Anonymous wrote:Anonymous wrote:Anonymous wrote:Anonymous wrote:Anonymous wrote:Call/email your state legislature/general assembly. They have the power to allow the hours to count vs. the 180 day requirement. They need to hear from their constituents who think this is nonsense.
This.
No thanks. The problem is that MCPS isn't scheduling its calendar properly. That's what needs to be fixed. Kids in this district in particular need time in school.
Oh look a Mad Mommy of MoCo is Big Mad and wants to micromanage MCPS like a Karen.
Micromanagement is needed when MCPS is failing kids
Anonymous wrote:I've been lurking on this thread for quite some time..... Does anyone HONESTLY think that by kids missing 4 days of school this semester, that they are going to fall behind or be at a disadvantage? This was a HIGHLY unusual situation that happens once every 10 years. No, it wasn't a blizzard, but the type of precipitation that fell, coupled with the extreme low temps made this very difficult. That being said..... If snow days are a MUST.... adding at the end of the year is no different than skipping the make up days altogether.
Anonymous wrote:Anonymous wrote:Anonymous wrote:Anonymous wrote:How feasible would it be to pivot snow days to virtual professional learning for teachers?
That would not really gain you anything.
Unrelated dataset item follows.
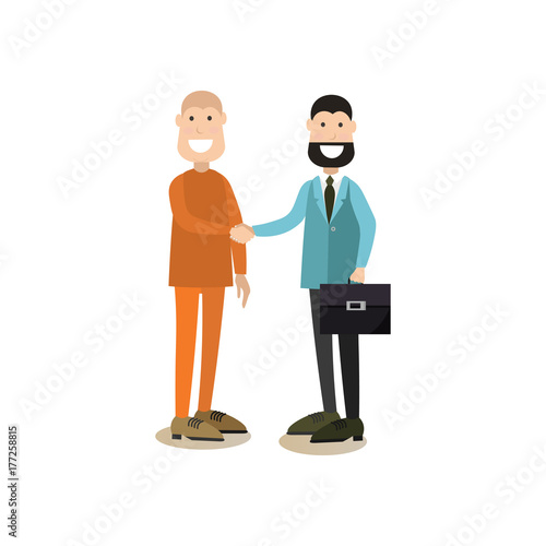 Vektorová ilustrace šťastného právníka nebo obhájce a obžalovaného oslavujícího vítězství v soudním řízení. Law court lidé plochý styl designový prvek, ikona izolován na bílém pozadí.

The pushback isn't that teachers are getting less professional days, it's having school on a holiday that was designed to overlap with the professional day. (And then the other possible makeup days are teacher grading days which there is generally pushback on taking away, but those happen at specific times between marking periods.)
Teachers can catch up on grading on snow days.
That's like telling kids to use snow days to catch up on homework that hasn't been assigned yet and requires knowledge of content that hasn't yet been taught
Anonymous wrote:You all love to blame the teachers but the reality is none of you understand the massive amount of work that would need to be done to open schools on such short notice. Its a heck of a lot more than just getting kids and teachers in buildings. Anyone who has ever had any sort of managerial role understands all the logistical and behind the scenes decisions that would go into it
Anonymous wrote:Anonymous wrote:Anonymous wrote:Anonymous wrote:Anonymous wrote:Call/email your state legislature/general assembly. They have the power to allow the hours to count vs. the 180 day requirement. They need to hear from their constituents who think this is nonsense.
This.
No thanks. The problem is that MCPS isn't scheduling its calendar properly. That's what needs to be fixed. Kids in this district in particular need time in school.
Oh look a Mad Mommy of MoCo is Big Mad and wants to micromanage MCPS like a Karen.
That's right, asking a large school district to competently schedule a calendar is so entitled!